Could you transcribe each record below exactly as written, setting the pictures aside?

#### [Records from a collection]
▼
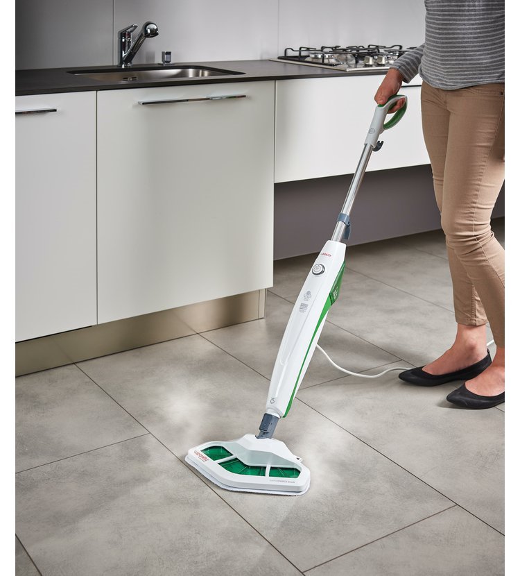 Vaporetto SV400 Hygiene je navržený pro všechny typy podlah – parkety, mramor, koberce, koupelnové dlaždice, vinylové (PVC) podlahy a terakotové nebo kamenné dlažby. Pára zničí až 99,99 % bakterií, virů a plísní. Oceníte speciální kartáč Vaporforce se širokou čistící plochou, vyjímatelnou nádobu na vodu a integrovaný filtr vodního kamene.
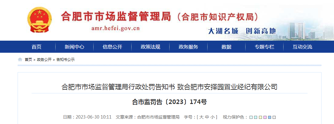 合肥市市場(chǎng)監(jiān)督管理局行政處罰告知書 致合肥市安擇園置業(yè)經(jīng)紀(jì)有限公司
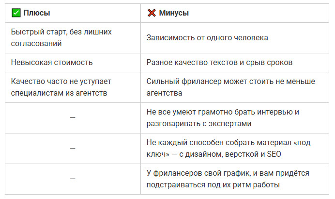 Но за простоту приходится платить временем и стабильностью. Один человек может заболеть, уйти в отпуск или просто не выйти на связь. Уровень качества сильно зависит от конкретного исполнителя: один пишет идеально, другой требует две недели правок. Контроль и планирование ложатся на вас — и если у вас нет времени следить за процессом, велика вероятность провала. Кстати, о причинах подобных провалов подробнее читайте в этой статье.
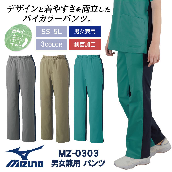 MZ-0303 ミズノ バイカラー スクラブパンツ MIZUNO 小松マテーレ 病院 医療用白衣 チームスクラブ 白衣 男性 女性 兼用 ストレッチ 制菌 制電 両脇ポケット チトセ
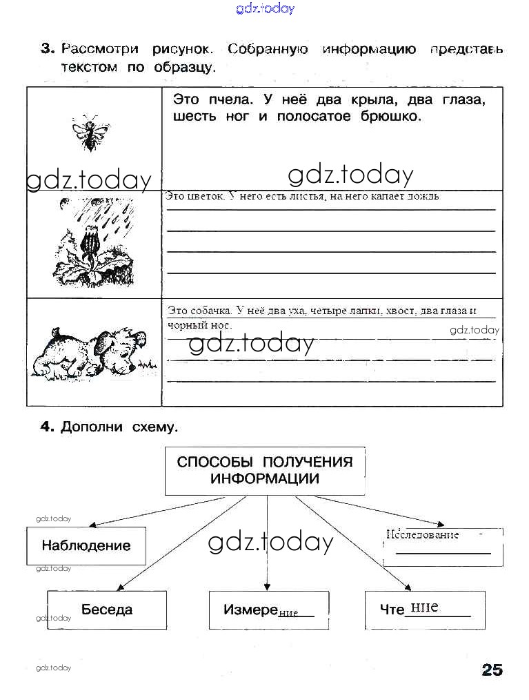 На страницах сайта gdz.today вы найдете учебный и вспомогательный материал, направленный на улучшения знаний школьной программы. ГДЗ - онлайн мир знаний Решение к части 1. Страницы 25 Рабочей тетради по Информатике для 3 класса Матвеева, Челак Бином 2017
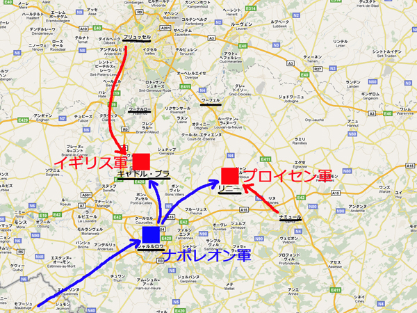 そこでナポレオンは、イギリス・オランダ軍とプロイセン軍が合流する前に、
▲
#### [Answer to this exercise]
 Vaporetto SV400 Hygiene je navržený pro všechny typy podlah – parkety, mramor, koberce, koupelnové dlaždice, vinylové (PVC) podlahy a terakotové nebo kamenné dlažby. Pára zničí až 99,99 % bakterií, virů a plísní. Oceníte speciální kartáč Vaporforce se širokou čistící plochou, vyjímatelnou nádobu na vodu a integrovaný filtr vodního kamene.
 合肥市市場(chǎng)監(jiān)督管理局行政處罰告知書 致合肥市安擇園置業(yè)經(jīng)紀(jì)有限公司
 Но за простоту приходится платить временем и стабильностью. Один человек может заболеть, уйти в отпуск или просто не выйти на связь. Уровень качества сильно зависит от конкретного исполнителя: один пишет идеально, другой требует две недели правок. Контроль и планирование ложатся на вас — и если у вас нет времени следить за процессом, велика вероятность провала. Кстати, о причинах подобных провалов подробнее читайте в этой статье.
 MZ-0303 ミズノ バイカラー スクラブパンツ MIZUNO 小松マテーレ 病院 医療用白衣 チームスクラブ 白衣 男性 女性 兼用 ストレッチ 制菌 制電 両脇ポケット チトセ
 На страницах сайта gdz.today вы найдете учебный и вспомогательный материал, направленный на улучшения знаний школьной программы. ГДЗ - онлайн мир знаний Решение к части 1. Страницы 25 Рабочей тетради по Информатике для 3 класса Матвеева, Челак Бином 2017
 そこでナポレオンは、イギリス・オランダ軍とプロイセン軍が合流する前に、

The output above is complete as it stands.